Atapine was four years old when he decided to learn the cello, and began his musical education at the St. Petersburg Conservatory. The former Soviet Union collapsed when Atapine was 11 years old, and many of Russia’s elite musicians were welcomed in Spain. His father was invited through audition by the Spanish government to be the principal cellist in the newly formed Asturias Symphony Orchestra. One of Moscow’s most revered cello teachers, Alexander Fedortchenko, also moved to Spain and became Atapine’s main instructor.
In 1998, Atapine moved to the United States to study at the University of Illinois under Suren Bagratuni, who later moved to the Michigan State University at East Lansing. Atapine transferred to Michigan where he earned his bachelor’s degree. One year later, he earned his master’s degree. Enticed by the prospect of working under the tutelage of legendary cellist Aldo Parisot, Atapine applied to Yale. He hopes to pass the torch of great cello tradition to his students at the University of Nevada.
“The teaching profession is very rewarding,” he said. “Music is not just playing notes, it’s the art of communication,” he said. “By learning to play the cello, you are learning to communicate with your audience, not just playing around with instruments.”

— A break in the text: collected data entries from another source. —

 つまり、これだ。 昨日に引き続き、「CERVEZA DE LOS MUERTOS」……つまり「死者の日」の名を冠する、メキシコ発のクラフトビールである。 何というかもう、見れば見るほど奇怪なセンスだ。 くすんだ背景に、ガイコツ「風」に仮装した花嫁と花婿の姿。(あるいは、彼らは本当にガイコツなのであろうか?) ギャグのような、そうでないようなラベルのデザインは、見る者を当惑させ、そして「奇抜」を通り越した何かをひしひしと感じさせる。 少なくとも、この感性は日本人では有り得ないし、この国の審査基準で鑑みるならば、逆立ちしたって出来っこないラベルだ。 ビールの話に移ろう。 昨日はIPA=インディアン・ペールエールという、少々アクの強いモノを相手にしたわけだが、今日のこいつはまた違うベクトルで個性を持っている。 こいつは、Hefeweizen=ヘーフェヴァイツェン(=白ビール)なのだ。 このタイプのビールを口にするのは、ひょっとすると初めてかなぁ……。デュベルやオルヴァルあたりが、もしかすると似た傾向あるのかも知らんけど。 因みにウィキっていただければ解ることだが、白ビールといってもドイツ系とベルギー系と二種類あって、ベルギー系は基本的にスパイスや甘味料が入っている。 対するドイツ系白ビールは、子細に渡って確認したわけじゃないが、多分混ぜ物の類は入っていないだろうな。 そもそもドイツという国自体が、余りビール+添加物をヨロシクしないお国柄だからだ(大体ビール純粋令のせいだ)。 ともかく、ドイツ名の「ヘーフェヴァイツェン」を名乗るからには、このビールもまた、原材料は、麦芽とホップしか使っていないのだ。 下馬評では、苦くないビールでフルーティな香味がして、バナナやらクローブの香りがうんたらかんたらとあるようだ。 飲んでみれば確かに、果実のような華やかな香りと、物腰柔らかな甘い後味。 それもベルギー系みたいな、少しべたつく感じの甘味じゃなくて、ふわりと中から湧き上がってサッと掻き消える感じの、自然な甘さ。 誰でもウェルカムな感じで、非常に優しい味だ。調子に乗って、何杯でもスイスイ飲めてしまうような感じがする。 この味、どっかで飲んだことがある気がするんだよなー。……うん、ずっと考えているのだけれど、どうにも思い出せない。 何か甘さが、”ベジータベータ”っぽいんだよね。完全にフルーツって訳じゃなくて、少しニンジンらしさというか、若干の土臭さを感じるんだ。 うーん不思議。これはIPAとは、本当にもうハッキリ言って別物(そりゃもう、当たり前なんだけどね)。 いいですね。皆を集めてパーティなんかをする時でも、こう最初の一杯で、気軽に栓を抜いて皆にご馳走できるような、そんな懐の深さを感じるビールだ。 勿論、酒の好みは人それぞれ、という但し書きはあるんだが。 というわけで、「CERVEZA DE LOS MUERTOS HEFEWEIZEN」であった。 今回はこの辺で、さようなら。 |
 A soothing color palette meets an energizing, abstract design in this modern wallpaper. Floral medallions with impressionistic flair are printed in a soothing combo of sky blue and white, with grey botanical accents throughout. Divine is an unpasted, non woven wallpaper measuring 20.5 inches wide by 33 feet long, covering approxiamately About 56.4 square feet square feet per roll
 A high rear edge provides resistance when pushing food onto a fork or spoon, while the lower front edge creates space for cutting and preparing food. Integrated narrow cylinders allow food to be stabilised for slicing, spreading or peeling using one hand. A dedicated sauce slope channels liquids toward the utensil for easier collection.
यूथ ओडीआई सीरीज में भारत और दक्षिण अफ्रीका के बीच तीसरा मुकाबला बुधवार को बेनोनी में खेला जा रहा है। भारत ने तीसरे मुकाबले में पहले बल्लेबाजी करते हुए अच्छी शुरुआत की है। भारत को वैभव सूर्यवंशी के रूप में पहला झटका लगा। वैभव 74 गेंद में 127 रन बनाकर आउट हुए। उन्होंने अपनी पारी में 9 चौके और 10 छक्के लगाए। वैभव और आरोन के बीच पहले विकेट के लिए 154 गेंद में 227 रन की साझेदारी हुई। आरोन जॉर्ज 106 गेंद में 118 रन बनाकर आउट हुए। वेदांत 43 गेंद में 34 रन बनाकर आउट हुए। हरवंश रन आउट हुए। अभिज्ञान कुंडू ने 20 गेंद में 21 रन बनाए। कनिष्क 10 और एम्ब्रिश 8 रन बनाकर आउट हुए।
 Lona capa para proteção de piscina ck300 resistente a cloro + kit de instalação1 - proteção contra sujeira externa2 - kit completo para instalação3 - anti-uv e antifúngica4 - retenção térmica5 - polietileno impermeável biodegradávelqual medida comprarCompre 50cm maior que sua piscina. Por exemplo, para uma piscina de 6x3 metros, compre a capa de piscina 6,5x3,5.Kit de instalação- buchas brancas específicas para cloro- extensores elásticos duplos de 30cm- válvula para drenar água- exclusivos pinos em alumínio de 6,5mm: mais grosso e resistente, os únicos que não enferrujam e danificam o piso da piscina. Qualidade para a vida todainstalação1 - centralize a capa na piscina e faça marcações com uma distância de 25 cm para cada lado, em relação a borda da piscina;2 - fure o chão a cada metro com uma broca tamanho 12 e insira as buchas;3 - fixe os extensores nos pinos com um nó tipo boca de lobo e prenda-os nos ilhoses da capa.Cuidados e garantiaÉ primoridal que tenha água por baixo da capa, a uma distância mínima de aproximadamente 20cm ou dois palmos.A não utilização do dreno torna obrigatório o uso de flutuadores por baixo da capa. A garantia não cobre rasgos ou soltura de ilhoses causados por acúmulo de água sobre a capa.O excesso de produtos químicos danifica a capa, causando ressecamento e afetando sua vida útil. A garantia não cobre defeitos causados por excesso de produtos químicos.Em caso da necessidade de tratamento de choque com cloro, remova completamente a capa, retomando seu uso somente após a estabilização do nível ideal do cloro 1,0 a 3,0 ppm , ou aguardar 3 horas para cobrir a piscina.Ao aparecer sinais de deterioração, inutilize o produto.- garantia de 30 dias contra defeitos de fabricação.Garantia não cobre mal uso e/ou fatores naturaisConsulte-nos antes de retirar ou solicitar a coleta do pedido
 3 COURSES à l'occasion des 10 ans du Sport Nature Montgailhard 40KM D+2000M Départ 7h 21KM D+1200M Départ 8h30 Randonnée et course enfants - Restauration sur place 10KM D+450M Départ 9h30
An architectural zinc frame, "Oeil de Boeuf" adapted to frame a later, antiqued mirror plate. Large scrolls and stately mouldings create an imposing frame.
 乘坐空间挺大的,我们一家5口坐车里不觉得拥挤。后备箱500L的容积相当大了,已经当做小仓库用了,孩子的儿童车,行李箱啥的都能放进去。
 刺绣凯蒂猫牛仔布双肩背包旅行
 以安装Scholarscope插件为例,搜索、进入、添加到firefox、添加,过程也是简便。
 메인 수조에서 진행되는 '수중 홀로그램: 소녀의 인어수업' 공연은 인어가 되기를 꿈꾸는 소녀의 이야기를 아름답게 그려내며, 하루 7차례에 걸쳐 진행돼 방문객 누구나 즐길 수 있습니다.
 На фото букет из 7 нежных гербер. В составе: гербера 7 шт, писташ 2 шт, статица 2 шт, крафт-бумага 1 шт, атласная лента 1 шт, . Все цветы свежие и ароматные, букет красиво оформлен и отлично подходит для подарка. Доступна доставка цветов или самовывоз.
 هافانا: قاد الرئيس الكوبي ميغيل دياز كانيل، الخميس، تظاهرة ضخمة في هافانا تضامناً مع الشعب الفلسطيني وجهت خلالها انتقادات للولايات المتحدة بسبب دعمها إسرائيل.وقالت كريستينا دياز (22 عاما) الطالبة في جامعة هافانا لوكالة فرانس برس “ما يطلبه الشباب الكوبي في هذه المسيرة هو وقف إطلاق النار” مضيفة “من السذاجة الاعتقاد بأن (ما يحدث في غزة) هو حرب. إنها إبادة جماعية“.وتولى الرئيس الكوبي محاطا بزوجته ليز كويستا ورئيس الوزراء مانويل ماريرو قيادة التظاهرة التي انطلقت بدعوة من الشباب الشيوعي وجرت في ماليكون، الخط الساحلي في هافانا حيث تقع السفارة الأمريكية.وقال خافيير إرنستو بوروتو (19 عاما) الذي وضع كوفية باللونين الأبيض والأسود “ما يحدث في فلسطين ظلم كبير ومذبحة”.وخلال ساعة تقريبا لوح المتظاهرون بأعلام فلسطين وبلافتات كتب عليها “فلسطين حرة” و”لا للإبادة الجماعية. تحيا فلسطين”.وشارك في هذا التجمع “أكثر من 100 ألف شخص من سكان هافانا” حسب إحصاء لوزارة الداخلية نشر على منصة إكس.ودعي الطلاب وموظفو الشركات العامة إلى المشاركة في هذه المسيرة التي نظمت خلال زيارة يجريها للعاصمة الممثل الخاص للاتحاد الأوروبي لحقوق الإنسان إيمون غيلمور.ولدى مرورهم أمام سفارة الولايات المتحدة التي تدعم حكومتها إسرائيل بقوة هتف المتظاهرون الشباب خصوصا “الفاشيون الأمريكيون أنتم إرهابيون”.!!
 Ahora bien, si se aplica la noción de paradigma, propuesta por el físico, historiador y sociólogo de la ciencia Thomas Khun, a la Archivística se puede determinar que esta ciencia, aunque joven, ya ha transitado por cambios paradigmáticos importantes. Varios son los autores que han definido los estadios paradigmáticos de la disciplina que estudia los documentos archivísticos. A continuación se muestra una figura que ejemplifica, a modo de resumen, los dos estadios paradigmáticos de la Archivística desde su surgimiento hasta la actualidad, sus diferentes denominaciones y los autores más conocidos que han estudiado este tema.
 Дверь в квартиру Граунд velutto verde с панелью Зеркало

While he feels the University’s cello studio is under-populated, he is enthusiastic about the quality of the school’s music program.
“The faculty is fantastic,” he said. “I really feel the passion – there is a burning here to make this a better school and a better place.”
Atapine said Reno stands out among all the cities he’s performed in around the globe.
“The motto – ‘Biggest Little City in the World’ – is really true,” he said. “The large size of Reno itself combined with the feeling of a small town, you get the feeling that we’re all on the same side. Everybody knows everybody and everybody helps everybody. It’s a special place.”
In addition to teaching cello, Atapine teaches music appreciation and plays with the Argenta Trio, with fellow faculty members Stephanie Sant’Ambrogio, violin; and James Winn, piano. The trio’s first performance of the school year, “Circa 1809,” is Friday, Oct. 2 at 7:30 p.m. in the Nightingale Concert Hall in the Church Fine Arts building. The performance celebrates the birth of composer Felix Mendelssohn, notes the death of Joseph Haydn, and the publication of Beethoven’s trio “Ghost,” which all occurred in 1809.